A Historian At Work: Using Facts to Build "Stories," Part Four

Part One --- Part Two--- Part Three --- Part Four --- Part Five

So sometimes I trust other historians’ work. But -- sometimes I don't.

Take a look at another excerpt from the book. This is from pages 102-103 of my history of American beer, Ambitious Brew. The background is the "beer wars" of the 1890s and efforts to control industry competition:

In one contest, according to Adolphus Busch's grandson August "Gus" Busch, Jr., a group of small New Orleans brewers resisted Adolphus’s efforts to control that city’s trade. A prolonged struggled drove the barrel price well below the profit zone.
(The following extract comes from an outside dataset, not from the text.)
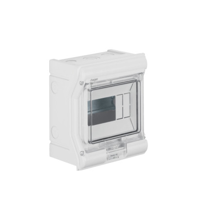 Emballage: 1 - 1 - 184 Marque: HagerRéférence: VE106PNEAN: 3250616450325Description: Coffret étanche vector IP65 1R. 6M., pr l'extérieur

Finally Adolphus ended the conflict by informing the men that he planned to "control the price of beer for the next 25 years. . . whatever goddamn price I put on my beer, you go up [or down] the same goddamn price."
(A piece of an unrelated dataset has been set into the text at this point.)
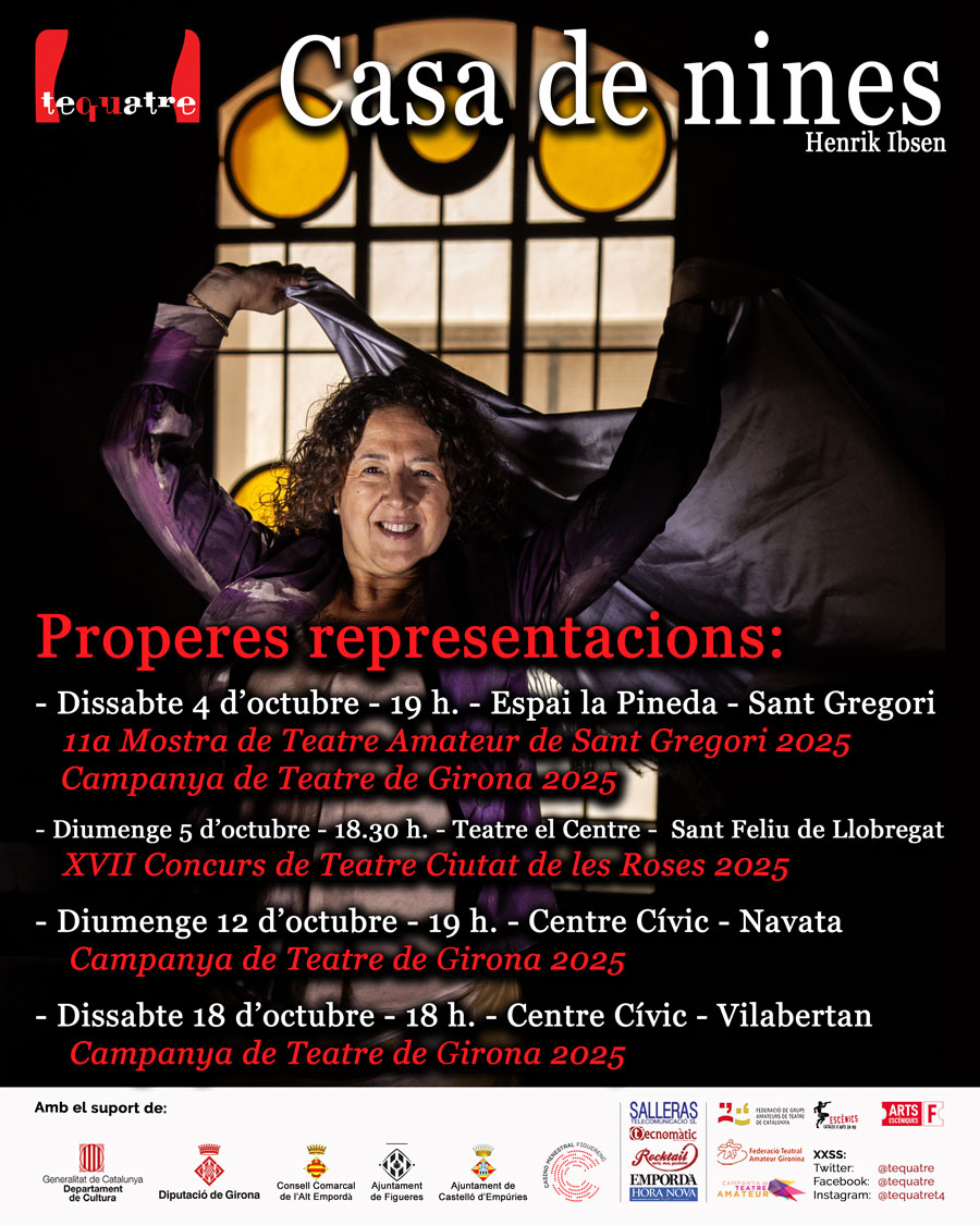 Campanya Teatre Amateur Comarques Gironines, Casa de nines, Concurs de Teatre Ciutat de les Roses, Mostra de Teatre Amateur de Sant Gregori, Tequatre

Gus, who claimed to have witnessed the encounter, recounted the tale years later as evidence of his grandfather’s wily ways and masterful control over lesser men. If the Busches invaded, say, Peoria, they could afford to wait out the competition; could afford to absorb the losses incurred by selling barrels at cost. Small local breweries could not. More often than not, the conqueror drove the conquered into bankruptcy.
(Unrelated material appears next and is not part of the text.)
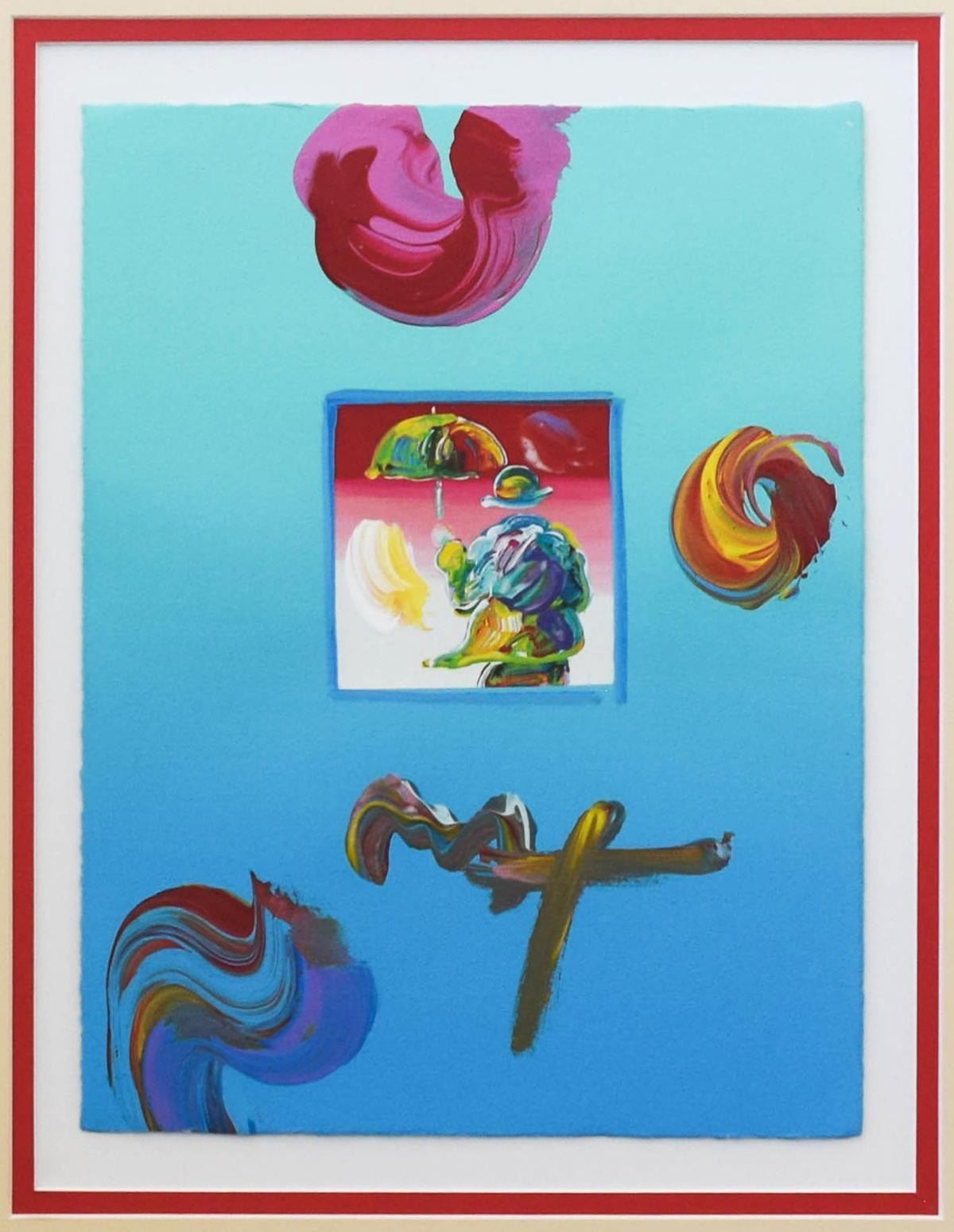 Artist: Peter Max. Medium: Original Mixed Media. Title: Umbrella Man 2006 Ver. I#74. Size (Unframed): 11" x 8.5". Size (Framed): 22.5" x 20". Certificate of Authenticity: From Peter Max Studio. Additional: Custom Framed. Catalogue#: 179514. Reference# 12701.

I found this anecdote, and Adolphus's alleged quote, in Under the Influence, a book written by two St. Louis journalists, Peter Hernon and Terry Ganey. Ganey and Hernon heard the anecdote during an interview with Gus Busch. I discounted the accuracy of the tale. (Indeed, based on my reading of primary sources and other available evidence, I concluded that Ganey's and Hernon's book was an unreliable secondary source.)

Here's what I wrote in the book:

The anecdote, though it captures the brutality of the struggle, is most likely apocryphal. The most ferocious beer wars unfolded in the two decades prior to Gussie's birth in 1899. Adolphus’s health failed in 1906, leaving him frail and wheelchair-bound; from then until his death in 1913, he spent most of his time in California or Europe. Even assuming the event took place as late as, say, 1910, when Gussie would have been eleven years old, Adolphus would not have been involved and his grandson too young to comprehend the grown-ups' conversation, let alone remember it accurately some seventy-five years later. More likely the tale evolved over the years as part of the mythology that surrounded a family of successful men with over-sized personalities.

Again, this is part of my work: I can't take the evidence at face value. Instead, I examine many sources, and different kinds of evidence, and the facts (one of them, in this case, being the "fact" that Gus Busch wasn't even alive when the events in question took place), and only then do I decide which evidence is reliable and which is not.

Is this art or craft? In my opinion (based on 25 years experience), it's a craft. Historians learn how to use evidence based on experience, trial-and-error, and the wisdom acquired from that. Does that mean I'm always "right"? No. But I make the best judgments I can, using the evidence at hand.